### WHAT THE TASK ASKS
Find the line with "11.5.9 Стержень 1" in the data below. Repeat it and every line after it exactly, but not the pictures.

### RECORDS TO PROCESS
- - - - -
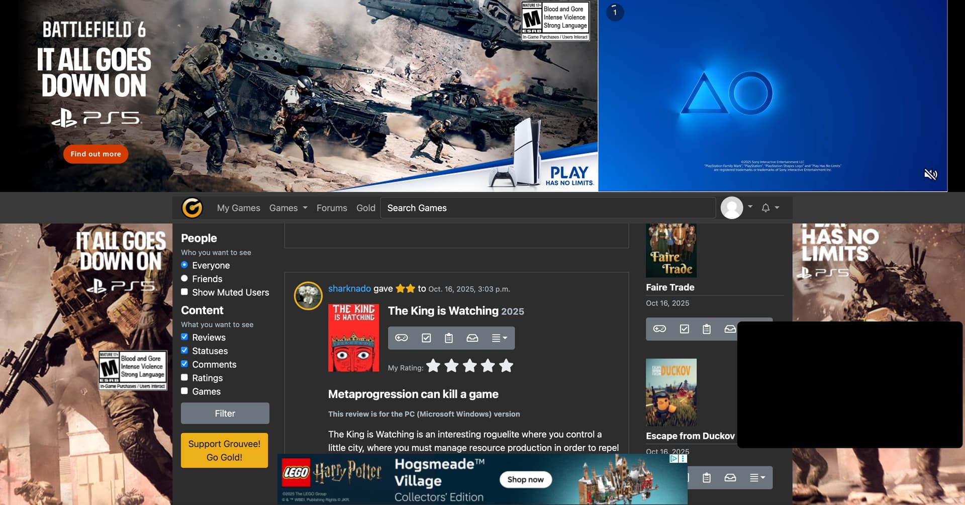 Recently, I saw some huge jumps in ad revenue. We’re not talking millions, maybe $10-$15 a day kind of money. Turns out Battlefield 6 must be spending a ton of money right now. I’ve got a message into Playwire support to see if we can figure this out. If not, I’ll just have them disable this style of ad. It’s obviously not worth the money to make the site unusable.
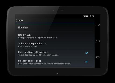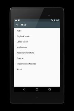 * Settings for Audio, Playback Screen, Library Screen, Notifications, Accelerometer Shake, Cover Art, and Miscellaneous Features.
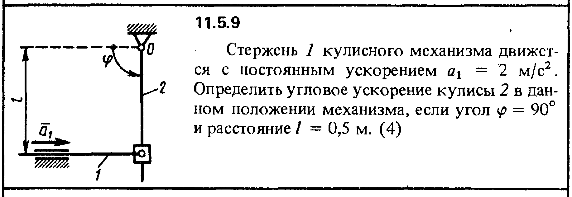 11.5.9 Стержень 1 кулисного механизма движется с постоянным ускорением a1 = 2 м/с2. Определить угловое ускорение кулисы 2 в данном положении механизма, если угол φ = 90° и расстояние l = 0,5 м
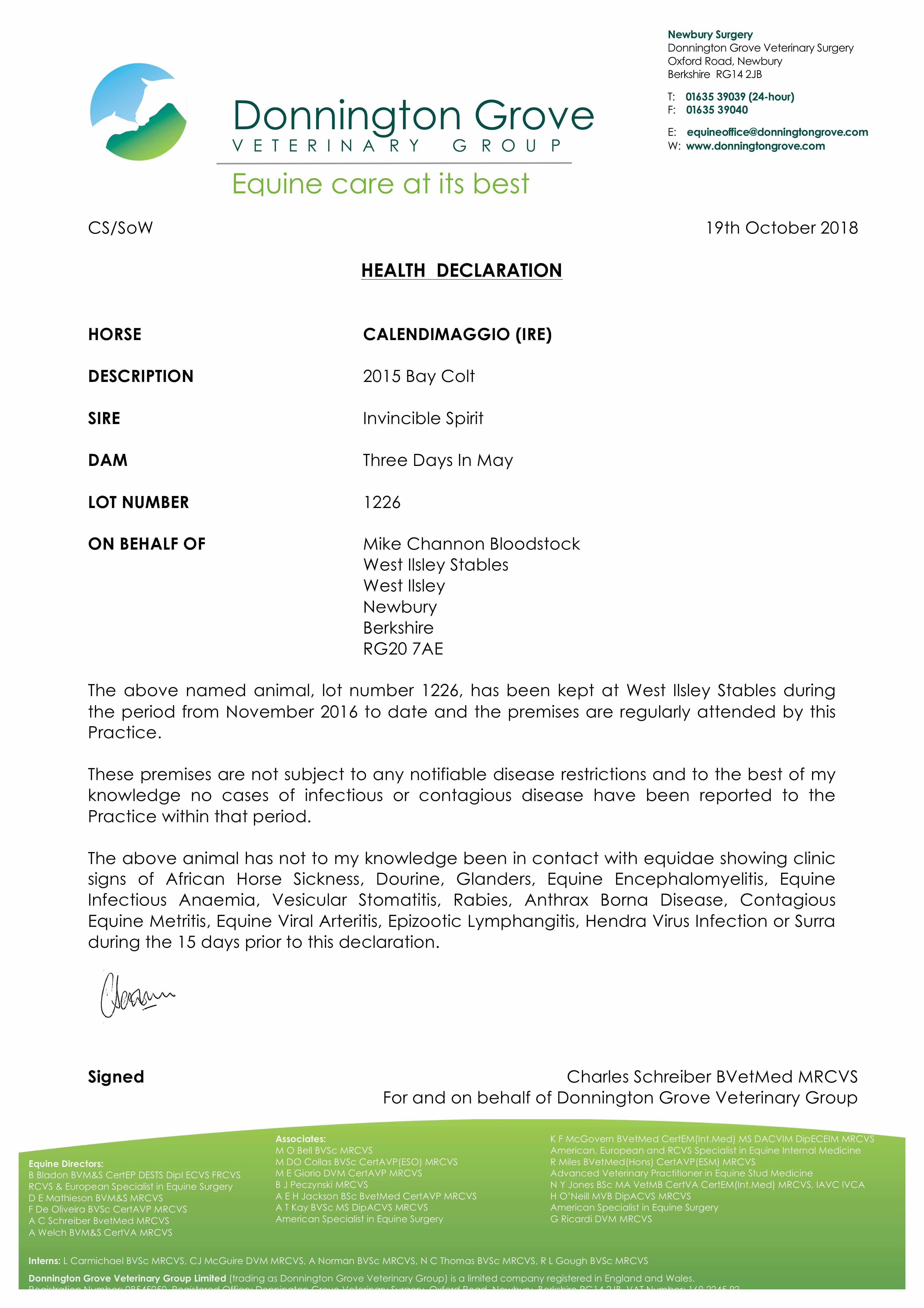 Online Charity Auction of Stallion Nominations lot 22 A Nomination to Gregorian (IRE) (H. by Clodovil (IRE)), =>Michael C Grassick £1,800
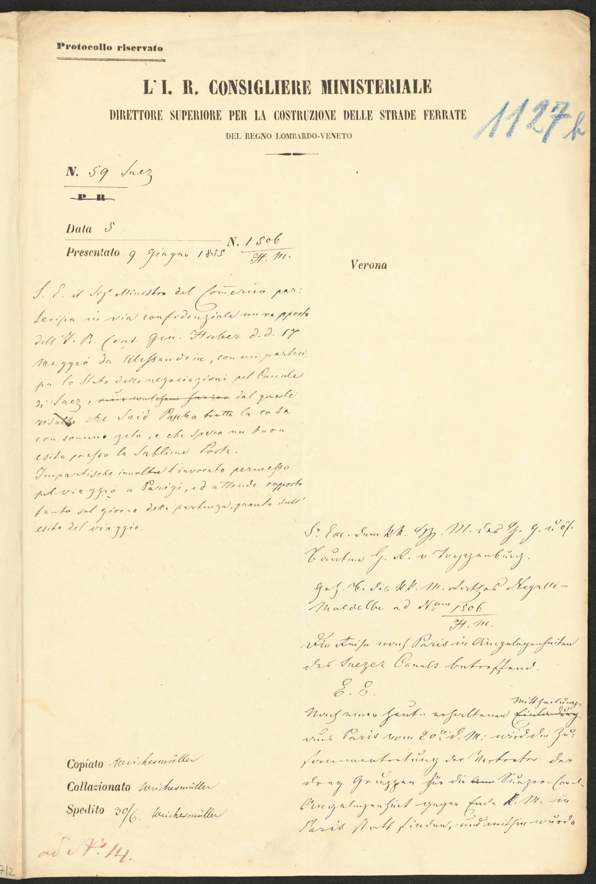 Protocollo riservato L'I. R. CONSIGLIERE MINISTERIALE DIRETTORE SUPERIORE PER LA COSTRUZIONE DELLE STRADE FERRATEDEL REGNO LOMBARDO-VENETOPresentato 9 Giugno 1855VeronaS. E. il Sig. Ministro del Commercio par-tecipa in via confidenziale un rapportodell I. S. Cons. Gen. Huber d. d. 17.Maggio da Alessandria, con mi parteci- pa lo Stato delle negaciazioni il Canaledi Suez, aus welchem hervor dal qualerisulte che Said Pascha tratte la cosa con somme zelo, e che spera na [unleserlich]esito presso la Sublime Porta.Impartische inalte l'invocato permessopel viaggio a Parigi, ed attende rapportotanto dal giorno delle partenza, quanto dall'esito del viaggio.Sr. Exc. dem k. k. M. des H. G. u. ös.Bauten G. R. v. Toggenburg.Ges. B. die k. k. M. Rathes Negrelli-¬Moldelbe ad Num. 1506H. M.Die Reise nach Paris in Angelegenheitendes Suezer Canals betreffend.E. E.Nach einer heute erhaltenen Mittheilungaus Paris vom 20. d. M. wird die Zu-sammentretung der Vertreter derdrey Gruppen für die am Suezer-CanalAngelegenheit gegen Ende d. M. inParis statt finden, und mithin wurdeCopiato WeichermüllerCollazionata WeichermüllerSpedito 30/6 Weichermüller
- - - - -
### RESPONSE TO THE EXERCISE
 11.5.9 Стержень 1 кулисного механизма движется с постоянным ускорением a1 = 2 м/с2. Определить угловое ускорение кулисы 2 в данном положении механизма, если угол φ = 90° и расстояние l = 0,5 м
 Online Charity Auction of Stallion Nominations lot 22 A Nomination to Gregorian (IRE) (H. by Clodovil (IRE)), =>Michael C Grassick £1,800
 Protocollo riservato L'I. R. CONSIGLIERE MINISTERIALE DIRETTORE SUPERIORE PER LA COSTRUZIONE DELLE STRADE FERRATEDEL REGNO LOMBARDO-VENETOPresentato 9 Giugno 1855VeronaS. E. il Sig. Ministro del Commercio par-tecipa in via confidenziale un rapportodell I. S. Cons. Gen. Huber d. d. 17.Maggio da Alessandria, con mi parteci- pa lo Stato delle negaciazioni il Canaledi Suez, aus welchem hervor dal qualerisulte che Said Pascha tratte la cosa con somme zelo, e che spera na [unleserlich]esito presso la Sublime Porta.Impartische inalte l'invocato permessopel viaggio a Parigi, ed attende rapportotanto dal giorno delle partenza, quanto dall'esito del viaggio.Sr. Exc. dem k. k. M. des H. G. u. ös.Bauten G. R. v. Toggenburg.Ges. B. die k. k. M. Rathes Negrelli-¬Moldelbe ad Num. 1506H. M.Die Reise nach Paris in Angelegenheitendes Suezer Canals betreffend.E. E.Nach einer heute erhaltenen Mittheilungaus Paris vom 20. d. M. wird die Zu-sammentretung der Vertreter derdrey Gruppen für die am Suezer-CanalAngelegenheit gegen Ende d. M. inParis statt finden, und mithin wurdeCopiato WeichermüllerCollazionata WeichermüllerSpedito 30/6 Weichermüller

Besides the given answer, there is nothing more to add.